1939 Schwinn Prewar century Cruiser Tank Bike Motorbike B6 Dx skiptooth ea horn On Ebay

https://www.ebay.com/itm/1939-Schwinn-Prewar-century-Cruiser-Tank-Bike-Motorbike-B6-Dx-skiptooth-ea-horn/254555698907?


----------



## bobcycles (Apr 3, 2020)

hmmmm  thought with the corona deal stuff was going to be 1/2 price....
not more than double!
doh!


----------



## RUDY CONTRATTI (Apr 3, 2020)

*And yet another bent fork*


----------



## BFGforme (Apr 3, 2020)

Way bent, parts don't even ad up to half of the price...


----------



## John G04 (Apr 3, 2020)

Of course the only bikes local to me are priced like this


----------



## Notagamerguy (Apr 7, 2020)

Lol This and my b6 i have priced high with no shipping so people look at the rest of my stuff on Ebay. i rather not get ride of something this old.  And yeah its probably only worth 400 to 500. I will be repainting the headligh in the upcoming weeks and i still need to tinker around with the horn.
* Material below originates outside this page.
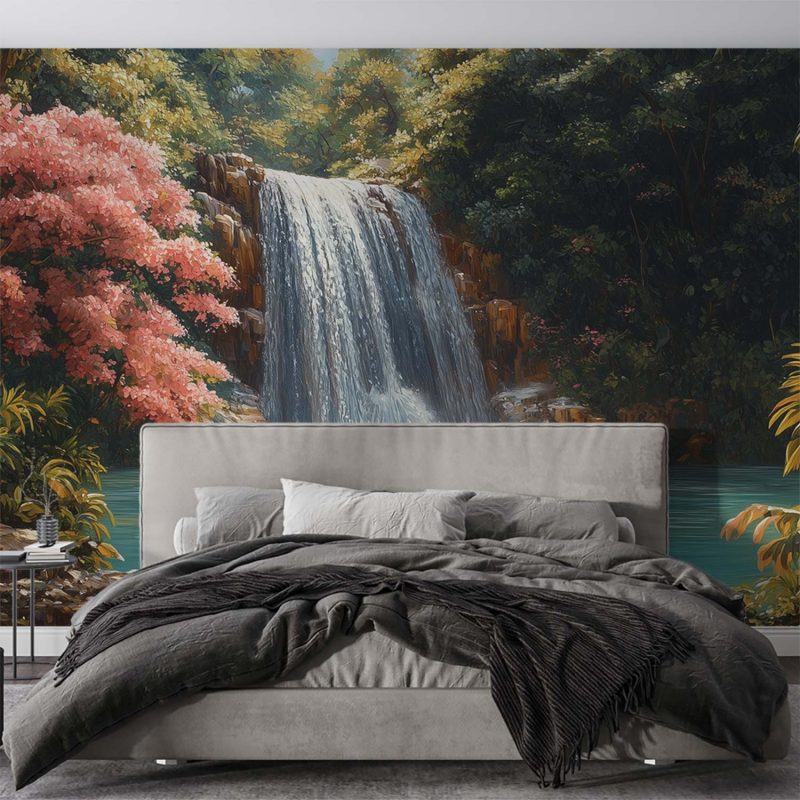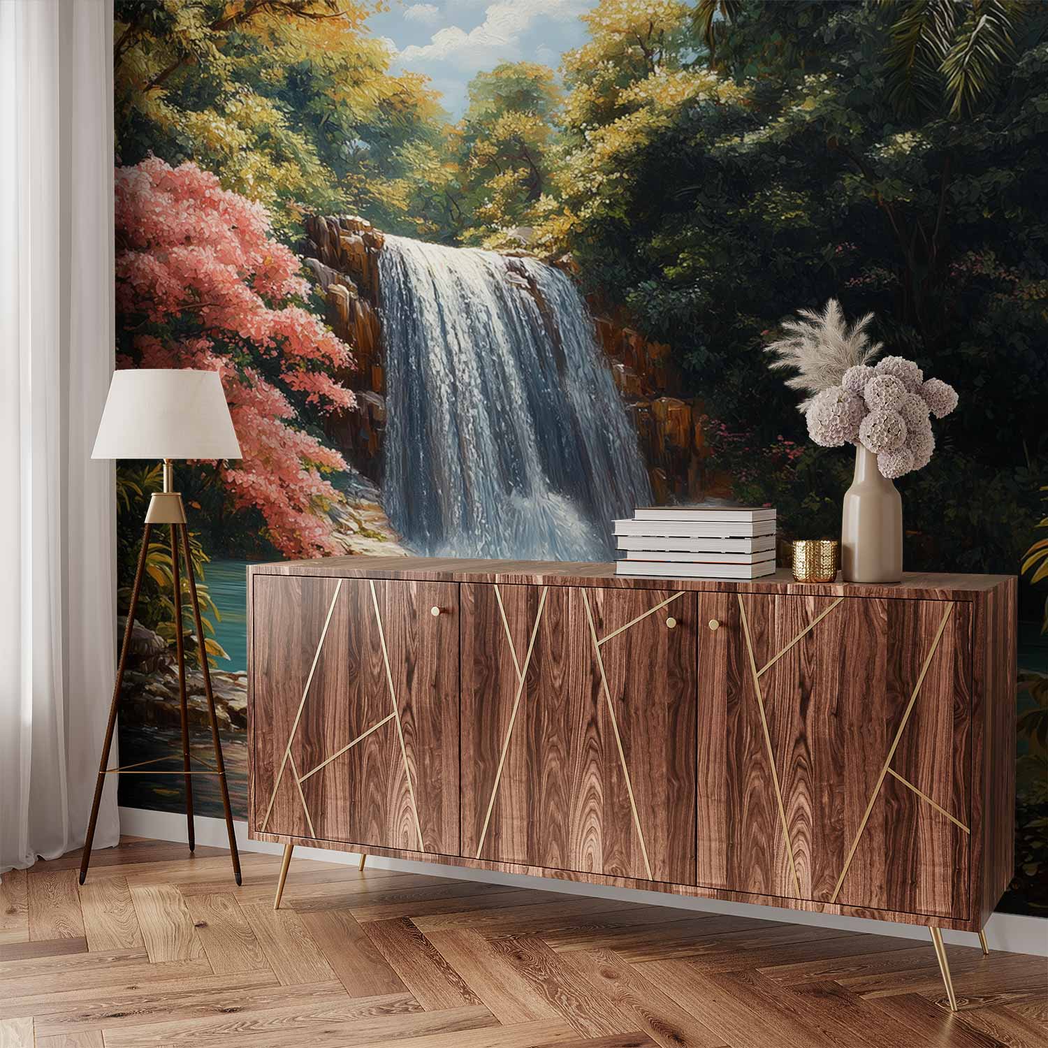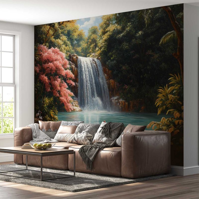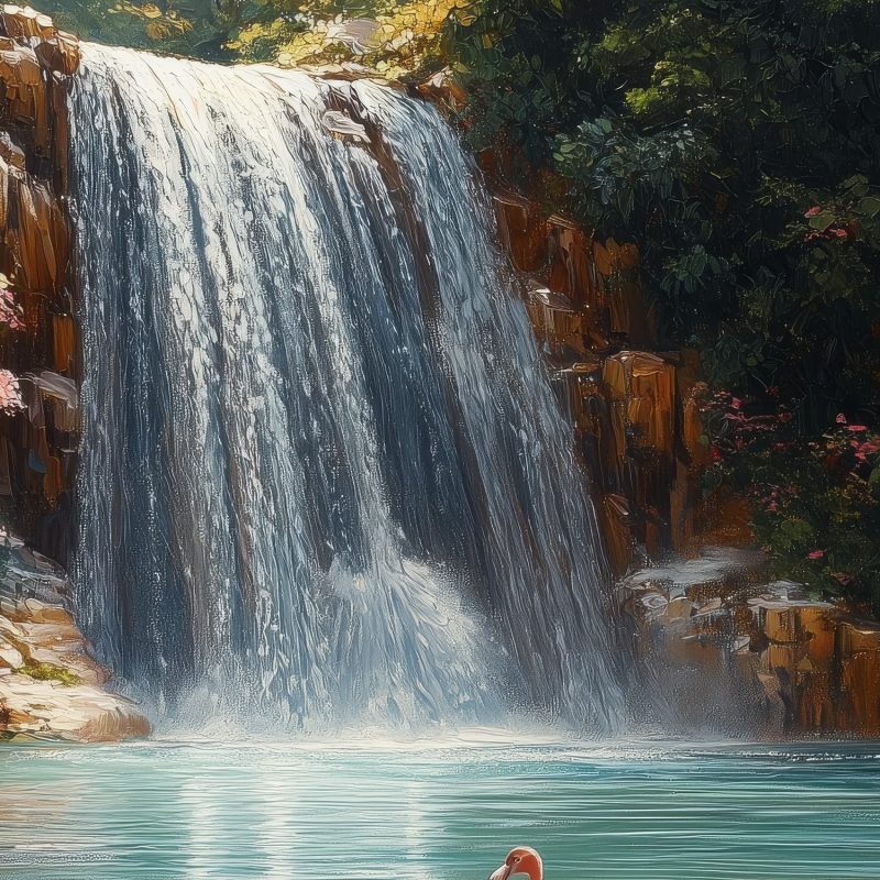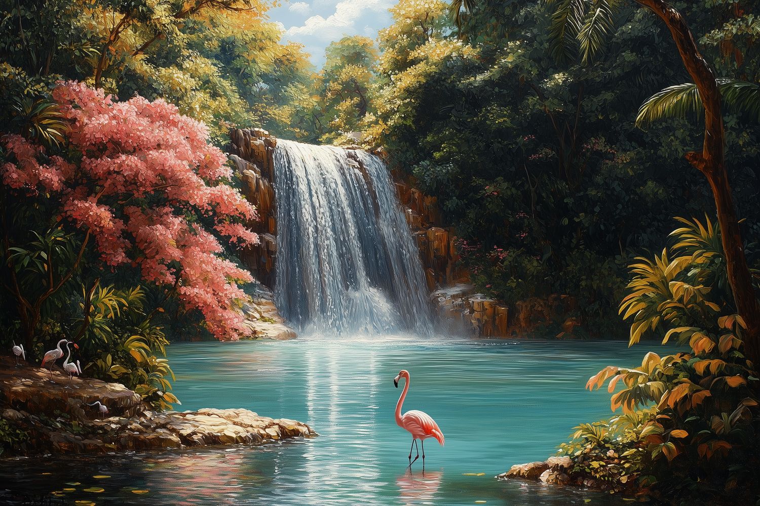 Ontdek een betoverende waterval die door weelderig groen stroomt. Een sierlijke flamingo in het water voegt een vleugje elegantie toe. Frisse tinten groen, blauw en roze creëren een harmonieuze sfeer. Dit levendige tafereel brengt de rust van de natuur in huis. Perfect voor een serene ontsnapping in je interieur.

Thanks didnt even realize the front fork was dent till now thanks for the heads up.


----------



## Freqman1 (Apr 7, 2020)

Not a B6--Those are boys and postwar. V/r Shawn


----------



## Notagamerguy (Apr 7, 2020)

Freqman1 said:


> Not a B6--Those are boys and postwar. V/r Shawn




Yes you are correct this is not a motor bike nor a b6 i just added that to the description to catch attention. This is a b6. Thank you though for the knolage


----------



## Freqman1 (Apr 7, 2020)

When I do an eBay search stuff like this wastes my time. If I'm searching for a B6 I expect to see a B6. Just say'n...


----------



## GTs58 (Apr 7, 2020)

Freqman1 said:


> When I do an eBay search stuff like this wastes my time. If I'm searching for a B6 I expect to see a B6. Just say'n...




That is definitely a thing of the past. If someone has *6 B*utts for sale it will show up in your B6 search.


----------